# Work to be completed
Your task is to transcribe the lines from the start of the data below through the line containing "最初はバルサを削って作ろうか", inclusive, exactly as they stand and without the pictures.

# Given material
______

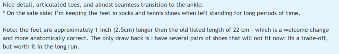 细节很棒,脚趾是可活动的,而且过渡到脚踝处几乎是无缝衔接。
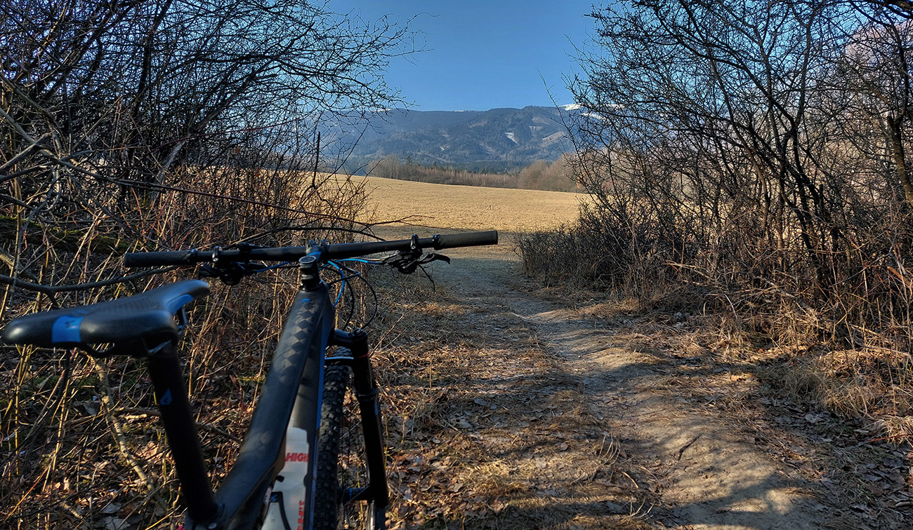 Potom nazad až na Bystričku skoro rovnaká trasa, s pár malými improvizáciami, či nenájdem niečo lepšie pod kolesá, alebo aspoň iné. Ale najmä v tej cestami neprepojenej časti pod Trebostovom (Medziháje) to bol len iný druh jemne hrboľatého poľa s nejakými stopami po autách. Takto za sucha samozrejme v pohode.
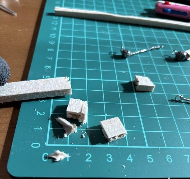 最初はバルサを削って作ろうかと思いましたが、ボロボロ削れて難しいのでやめました。
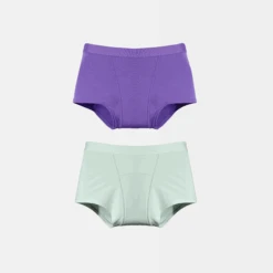 Mit dem JUNO Teen 2er Bundle bist Du bestens für Deine Menstruationstage gerüstet. Jede Packung enthält eine Short in Lila und eine Short in Mint, sodass Du immer die passende Farbe zur Hand hast. Genieße Komfort und Sicherheit mit unserem ROMY Teen Set!

______

# Response for this exercise
 细节很棒,脚趾是可活动的,而且过渡到脚踝处几乎是无缝衔接。
 Potom nazad až na Bystričku skoro rovnaká trasa, s pár malými improvizáciami, či nenájdem niečo lepšie pod kolesá, alebo aspoň iné. Ale najmä v tej cestami neprepojenej časti pod Trebostovom (Medziháje) to bol len iný druh jemne hrboľatého poľa s nejakými stopami po autách. Takto za sucha samozrejme v pohode.
 最初はバルサを削って作ろうかと思いましたが、ボロボロ削れて難しいのでやめました。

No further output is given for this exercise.